From: Scott Branden <scott.branden@broadcom.com>
To: Kees Cook <keescook@chromium.org>
Cc: Mimi Zohar <zohar@linux.ibm.com>,
Matthew Wilcox <willy@infradead.org>,
James Morris <jmorris@namei.org>,
Luis Chamberlain <mcgrof@kernel.org>,
Greg Kroah-Hartman <gregkh@linuxfoundation.org>,
"Rafael J. Wysocki" <rafael@kernel.org>,
Alexander Viro <viro@zeniv.linux.org.uk>,
Jessica Yu <jeyu@kernel.org>,
Dmitry Kasatkin <dmitry.kasatkin@gmail.com>,
"Serge E. Hallyn" <serge@hallyn.com>,
Casey Schaufler <casey@schaufler-ca.com>,
"Eric W. Biederman" <ebiederm@xmission.com>,
Peter Zijlstra <peterz@infradead.org>,
Matthew Garrett <matthewgarrett@google.com>,
David Howells <dhowells@redhat.com>,
Mauro Carvalho Chehab <mchehab+huawei@kernel.org>,
Randy Dunlap <rdunlap@infradead.org>,
"Joel Fernandes (Google)" <joel@joelfernandes.org>,
KP Singh <kpsingh@google.com>, Dave Olsthoorn <dave@bewaar.me>,
Hans de Goede <hdegoede@redhat.com>,
Peter Jones <pjones@redhat.com>,
Andrew Morton <akpm@linux-foundation.org>,
Stephen Boyd <stephen.boyd@linaro.org>,
Paul Moore <paul@paul-moore.com>,
Stephen Smalley <stephen.smalley.work@gmail.com>,
linux-security-module@vger.kernel.org,
linux-integrity@vger.kernel.org, selinux@vger.kernel.org,
linux-fsdevel@vger.kernel.org, kexec@lists.infradead.org,
linux-kernel@vger.kernel.org
Subject: Re: [PATCH 05/13] fs/kernel_read_file: Split into separate source file
Date: Fri, 17 Jul 2020 12:11:24 -0700 [thread overview]

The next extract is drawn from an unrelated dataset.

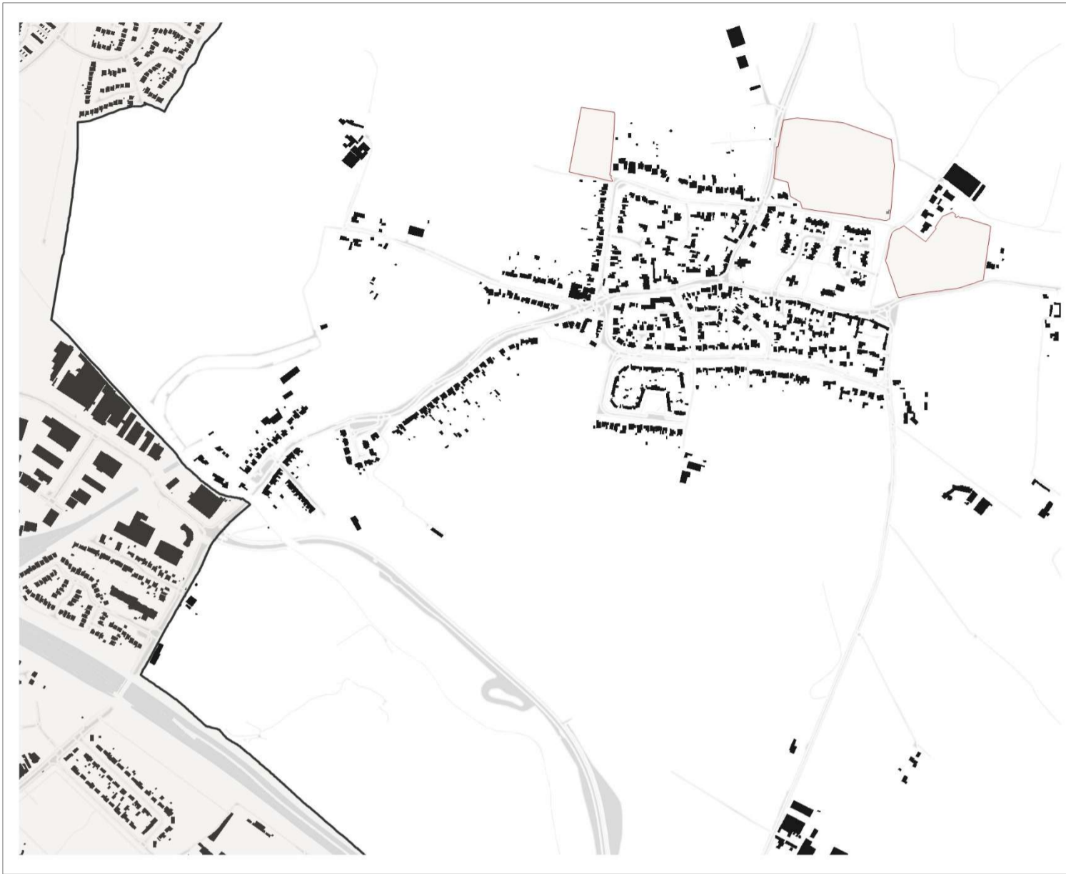
Figure 1.3. Figure ground plan of Clifton-upon-Dunsmore and the edge of the Rugby urban area, with the addition of sites 129, 202 and 307 proposed for allocation in the Proposed Submission Rugby Borough Local Plan (CD.5.25).

Message-ID: <b574b926-58f3-0f4c-0bbc-1ca978836917@broadcom.com> (raw)
In-Reply-To: <20200717174309.1164575-6-keescook@chromium.org>
On 2020-07-17 10:43 a.m., Kees Cook wrote:
> These routines are used in places outside of exec(2), so in preparation
> for refactoring them, move them into a separate source file,
> fs/kernel_read_file.c.
>
> Signed-off-by: Kees Cook <keescook@chromium.org>
Acked-by: Scott Branden <scott.branden@broadcom.com>
> ---
> fs/Makefile | 3 +-
> fs/exec.c | 132 ----------------------------------------
> fs/kernel_read_file.c | 138 ++++++++++++++++++++++++++++++++++++++++++
> 3 files changed, 140 insertions(+), 133 deletions(-)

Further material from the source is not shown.